Meetings won’t go away, because humans are collaborative. It takes one person to have a great idea, but it takes a team to realise and implement it – which is why co-working spaces will remain an important part of life for those taking up the challenge of employing themselves, and others by forming SME’s, in the new world order.
The shift in ways of working has also shown that decentralisation is possible – something that may become a necessity in the future. All those shiny offices in global centres are expensive line items on the annual budget, and since budgets are going to be way tighter – if not non-existent – in future, even SME’s may have to make peace with the fact that not everyone needs to share a space. And knowing what we know now about how easy it is to spread viruses in close-contact working spaces, there’s a convincing health argument for decentralisation, too.
If an SME team is driven enough, nobody will have to worry about clock-watching or ensuring that people are doing their jobs by having a manager stalking the halls and peering over cubicle walls. There will be essential functions that rely on being physically present in a space – but there’s no reason that different functions of a business can’t be split across different spaces, cities or even time zones to maximise efficiency and save costs. And with flexibility of working time now becoming an option across many industries, that demand will need to be catered for by SME’s and other employers, in the future.

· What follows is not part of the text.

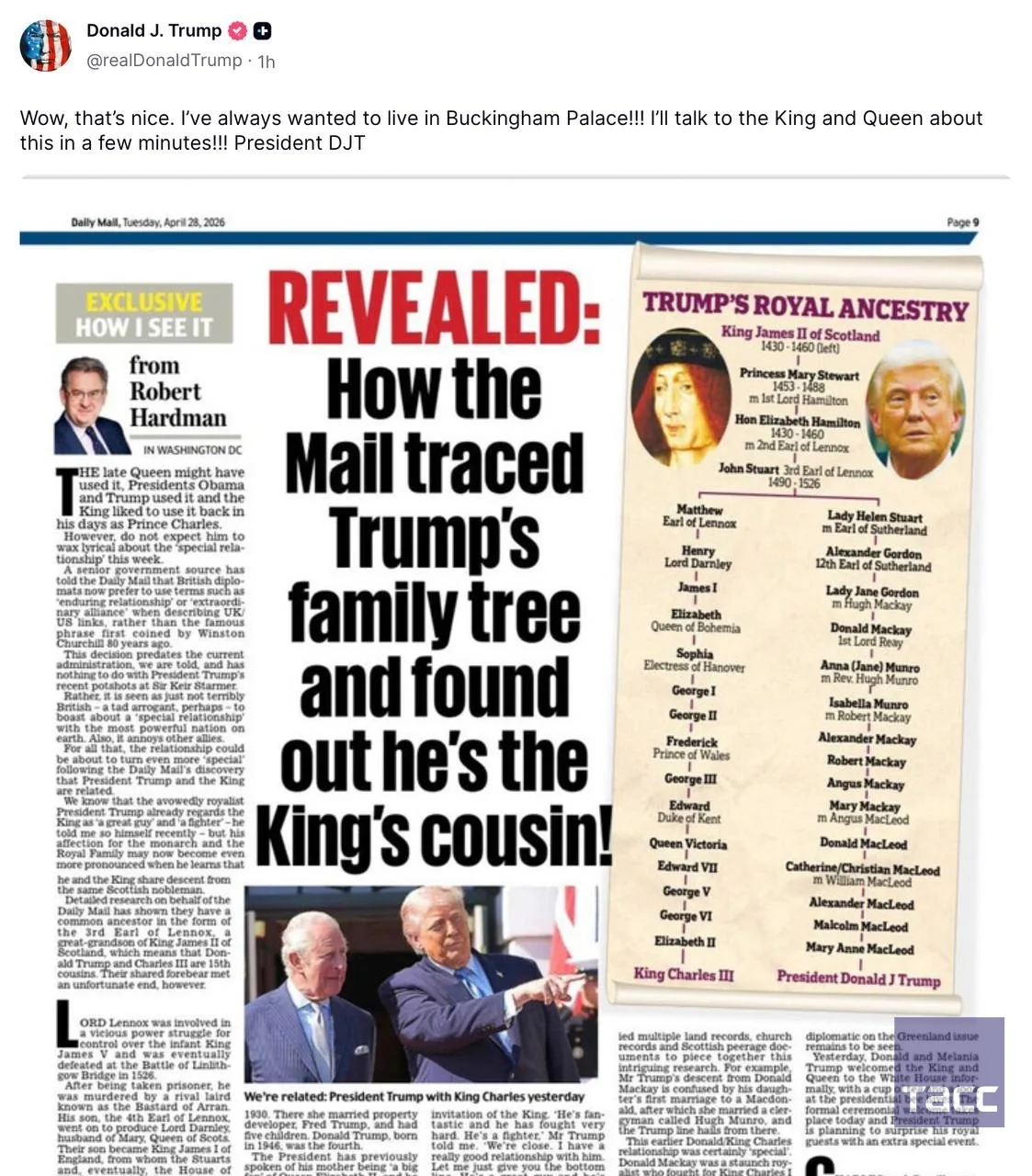 Трамп в ответ на статью в британской газете The Daily Mail, якобы изобличающую его родственные связи с британской королевской семьей, в шутку заявил о давнем желании жить в Букингемском дворце. Соответствующее сообщение он разместил в социальной сети Truth Social:

Building more efficient spaces has been an important global trend over the past few years as companies realise the impact their business has on the planet. What about the environmental cost of getting people to that office every day, and of business travel? Cutting out the commute for the global workforce has already had a noticeable effect on the environment – fake-news dolphins in the canals of Venice, aside – so now that we’ve proven it’s possible to decentralise or work remotely, why not continue that?

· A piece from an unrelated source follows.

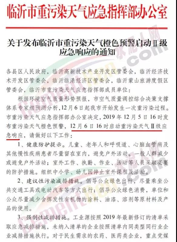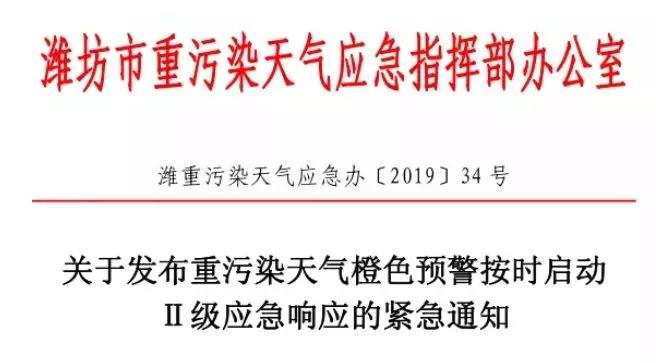 12月5日,山东省潍坊市重污染天气应急指挥部办公室发布《关于发布重污染天气橙色预警按时启动Ⅱ级应急响应的紧急通知》称:潍坊市自2019年12月5日12时发布重污染天气橙色预警,12月6日12时启动Ⅱ级应急响应。

Carbon monoxide emissions in New York have been slashed by 50% over the past few weeks – mostly on the back of reduced road traffic – and an analysis by climate website Carbon Brief indicates that the shut-down in China has resulted in a 25% drop in energy use and emissions over a two week period at the height of the pandemic there, which is set to lead to an overall drop of 1% in the country’s carbon emissions for 2020. As industry ramps up again around the world, emissions will rise once more, but those numbers do illustrate the significant impact a reduction in worker commuting, can have for the planet.
4IR Creating Opportunities
While there’s plenty of concern that the Fourth Industrial Revolution (4IR) is going to cost millions of jobs, it’s also set to deliver millions of opportunities and plenty of efficiencies.

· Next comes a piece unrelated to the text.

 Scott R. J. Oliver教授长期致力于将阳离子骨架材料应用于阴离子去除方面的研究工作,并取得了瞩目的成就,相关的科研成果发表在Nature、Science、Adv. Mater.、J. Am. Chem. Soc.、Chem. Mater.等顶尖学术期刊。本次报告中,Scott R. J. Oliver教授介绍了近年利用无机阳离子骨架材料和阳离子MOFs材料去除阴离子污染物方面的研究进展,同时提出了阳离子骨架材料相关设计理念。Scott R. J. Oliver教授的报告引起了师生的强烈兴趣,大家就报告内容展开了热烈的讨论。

Robotic Process Automation (RPA) can take over manual, repetitive tasks – but instead of making the people in those functions, redundant, it frees them up to tackle more important and non-automatable tasks which can improve business operations. The global economic crisis means that efficiency and multitasking are going to become the order of the day – something the lean SME space is used to, to an extent. Embrace technology and let the people who are the heart of your business focus on helping you re-establish it and re-invent it. It’s time to innovate.
While things are set to be very different, there’s a huge benefit to collaboration to establishing and maintaining a dynamic, agile business. Entrepreneurs and innovators thrive off being able to kick around ideas, sense-check decisions with others and find ways for seemingly-unrelated companies to work together to deliver unprecedented opportunity – and there’s nothing the world is going to need more than opportunity, once we come out the other side of this.